Federal antitrust law prohibits universities from exchanging advance information on tuition, so it is not yet clear how the university's 2000-2001 full-time undergraduate charges will compare to those at many other private universities. Tuition prices announced so far include a range of increases from 6 percent at Stanford ($24,441), to 4.2 percent at Cornell ($24,760) and MIT ( $26,050) to 2.9 percent at Harvard ($22,694) and Yale ($25,200).

At Hopkins, room and board for Homewood undergraduates will increase 4 percent, to $8,185 (for a 19-meal plan and a double in the Alumni Memorial Residences). The total of tuition, room and board for undergraduates living on campus will rise 5 percent to $33,121, from the current $31,530.

More than 50 percent of Homewood undergraduates, however, receive need-based financial aid and do not pay that total cost. The university's financial aid packages have improved significantly--with larger grants and smaller loans - since Michael R. Bloomberg, chairman of the board of trustees, designated two-thirds of a $45 million 1998 pledge to the university for financial aid.

"Mr. Bloomberg's gift has been critical in another way as well," said Lorna Miles Whalen, dean of admissions and enrollment. "Leveraging his generosity has helped tremendously in attracting additional commitments for student aid, which has been set by the president and trustees as one of the university's top fund-raising priorities."

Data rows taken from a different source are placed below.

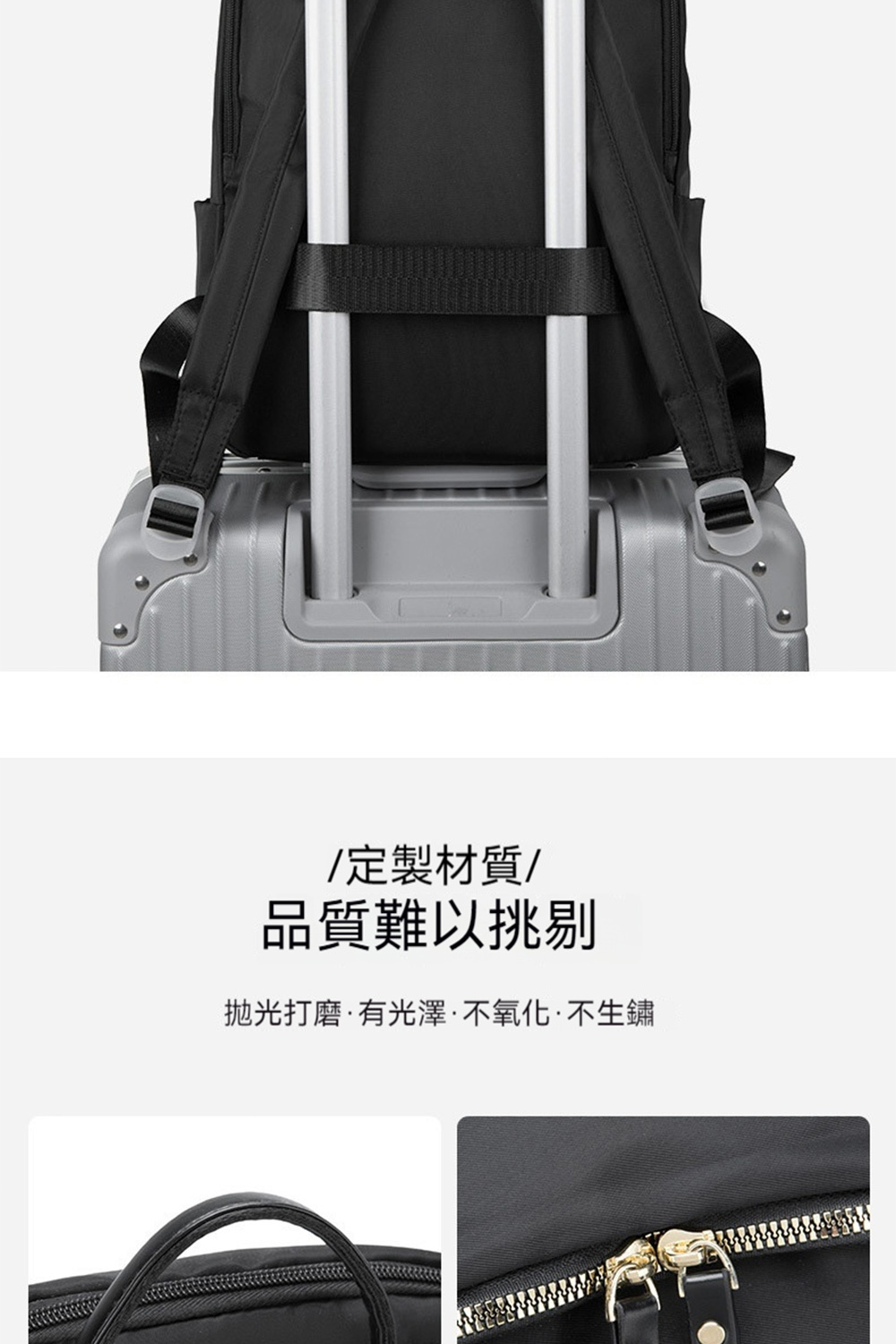 👜結構:主袋、大內貼袋、拉鍊內貼袋、副袋、前幅拉鍊貼袋、後幅拉練貼袋、兩側插袋、行李桿帶
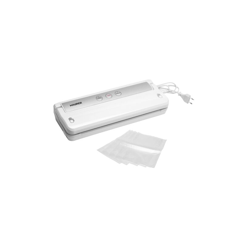 Sistema di chiusura facile che funziona con una leggera pressione da entrambi i lati - Sigilla sacchetti fino a 30 cm. - Indicazioni led: rosso sigilla verde sottovuoto - Sigilla in pochi secondi - Pressione sottovuoto: -0,60-0,80 bar - Vano sottostante per riporre il cavo di alimentazione - Design compatto - Dimensione prodotto: 376x142x72 cm. - Inclusi nella confezione 5 sacchetti 20x30 cm., spessore 0,18 mm.
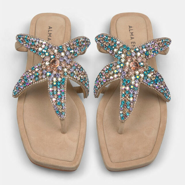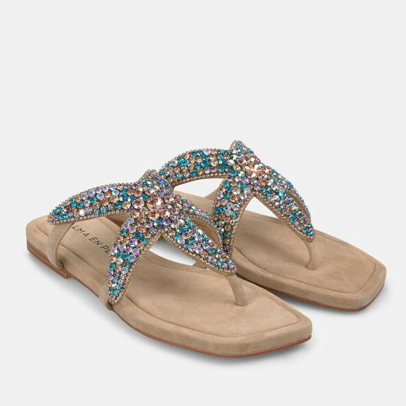 Las sandalias SUEDE es un modelo muy cómodo que tiene la plantilla acolchada, con tiras de pedrería y con detalles de brillos. Además, es muy fácil de calzar gracias a no tener cierre y su puntera cuadrada.
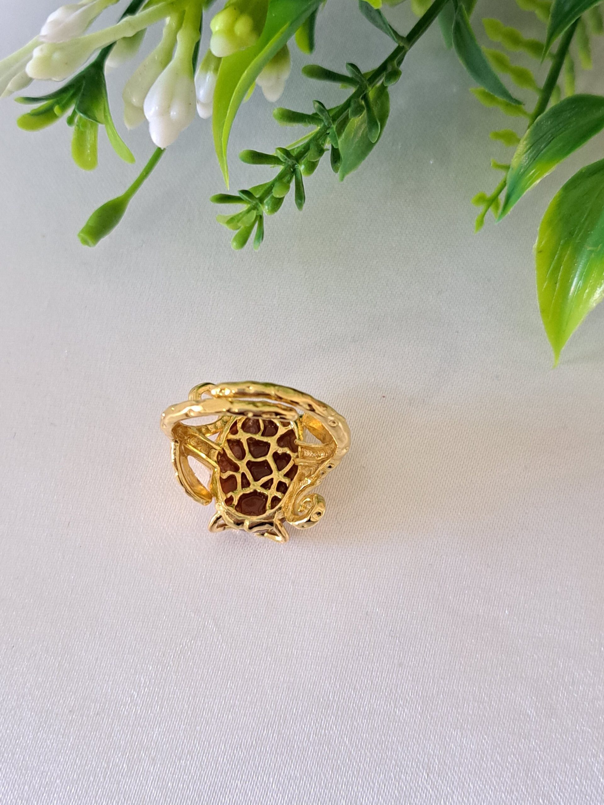 Anello cammeo, conchiglia sardonica e ottone dorato
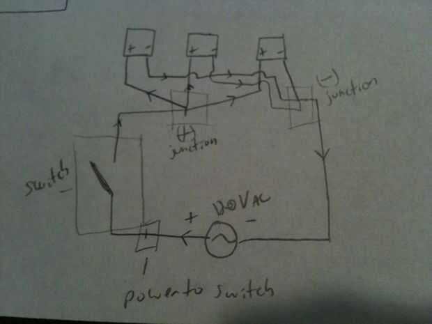 2) alambre todo el zócalo blanco conduce a y conectar la alimentación a interruptor principal a este grupo de cuatro cables juntos
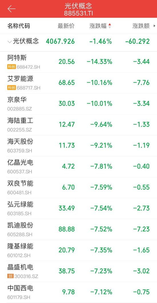 11月12日,A股光伏板块遭遇大面积回调。截至收盘,阿特斯(688472.SH)跌超14%,晶澳科技(002459.SZ)、隆基绿能(601012.SH)、亿晶光电(600537.SH)、双良节能(600481.SH)等个股均跌超6%。

The increase for Homewood campus graduate students decouples their tuition from what had been a uniform rate charged to many full-time graduate students across the university. Graduate students at other campuses who had been paying the uniform rate will see their tuition increase from the current $23,660 to either $24,600 (at Public Health and for Ph.D. students at the School of Advanced International Studies and PH.D and MSN/MPH students at Nursing), or $24,700 (Ph.D. students at Medicine). Those increases range from 4 percent to 4.4 percent, continuing a general downward trend in the rate of increase and marking the fourth straight increase of significantly less than 5 percent. Previously, the benchmark tuition at Hopkins had climbed at around 5 percent a year for five consecutive years, and between 6 percent and 16 percent a year for the nine years before that.

Tuition increases for part-time students in the School of Professional Studies in Business and Education and the School of Engineering--who account for about 37 percent of all Hopkins students--will range from 2.5 percent to 3.9 percent. The university's Nitze School of Advanced International Studies is holding its tuition increase for master's degree and other full-time non-doctoral students to 3 percent or less for the fifth year in a row. That tuition this fall will go up $600, or 2.8 percent, to $22,400.

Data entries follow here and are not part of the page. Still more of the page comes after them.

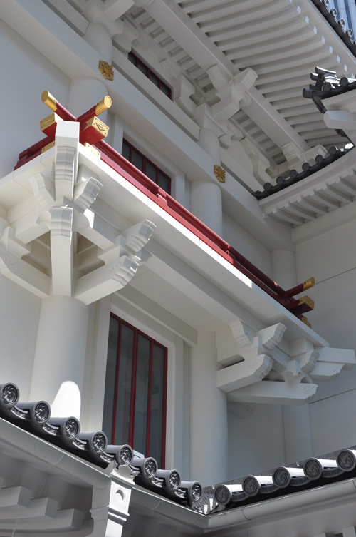 | ポイント | 設計者から与えられた命題は「耐震性能を高めつつ、木造建築のディティールに徹底的にこだわる」というものだった。 GRC(耐アルアリ性ガラス繊維補強セメント板)の特徴である意匠再現性・軽量性・不燃性・施工性を総合的に評価していただき採用に至った。 図面だけでの表現が難しい部位においては、第四期歌舞伎座を取り壊す前に、ゴム型による型取りを行った。木造のシャープさを鮮明に出すために、棟梁の手により原型に修正を加え、本来木造が持つディティールが再現されるよう工夫している。 劇場の天井パネルは、軽量性と、耐震設計の観点より、GRG(ガラス繊維補強石膏板)が採用された。 |
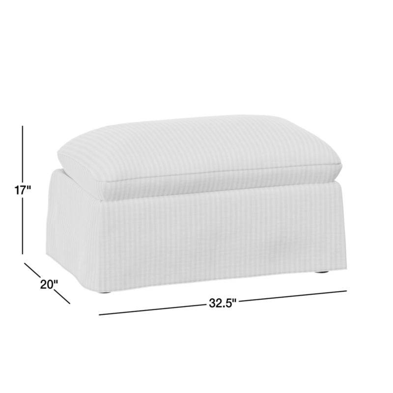 Ever at the ready for everyday life, this slipcovered ottoman exemplifies designer Leanne Ford's relaxed aesthetic. Floating a pillow top on a skirted base, the striped ottoman provides a comfy seat and props up tired feet. Or lift off the top to tuck away blankets, throw pillows, books and toys. The unstructured slipcover is made of a durable linen blend that stands up to real life in a nursery, kid's room or living room. Ever restores its effortlessly chic looks with a quick fluff of the cushions and swipe of the "comfort wrinkles." Pair with our matching chair for an easy-living vibe.
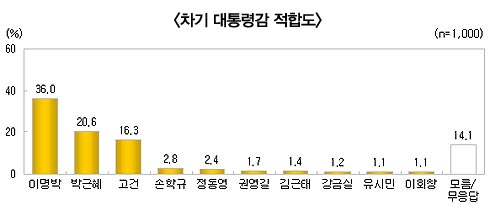 한편 차기 대통령감으로 가장 적합한 인물을 물어본 결과 이명박 전 서울시장이 36.0%로 1위를 달렸다. 박근혜 전 한나라당 대표가 20.6%로 2위, 고건 전 총리가 16.3%로 3위를 기록했다. 손학규 전 경기도지사 2.8%, 정동영 전 열린우리당 의장 2.4%, 권영길 민주노동당 의원 1.7%, 김근태 열린우리당 의장 1.4% 순이었다.

M.D. students at the School of Medicine pay the same tuition in each of their four years at Hopkins. The rate for entering students this fall will be $27,000, a 3.8 percent increase.

All full-time Peabody Conservatory students--both undergraduate and graduate--will see a 4.6 percent increase to $22,700. The largest percentage increase in tuition is 16.6 percent for full-time master of science in nursing students. The School of Nursing, the university's newest, has charged much lower tuition than the more- established divisions, and this year's increase will bring its master's degree tuition to $20,115, closer to, but still well below, that at other Hopkins schools.

A complete list of next year's full-time and part-time tuition rates in all divisions is available on the World Wide Web at www.jhu.edu/news_info/jhuinfo/tuition/.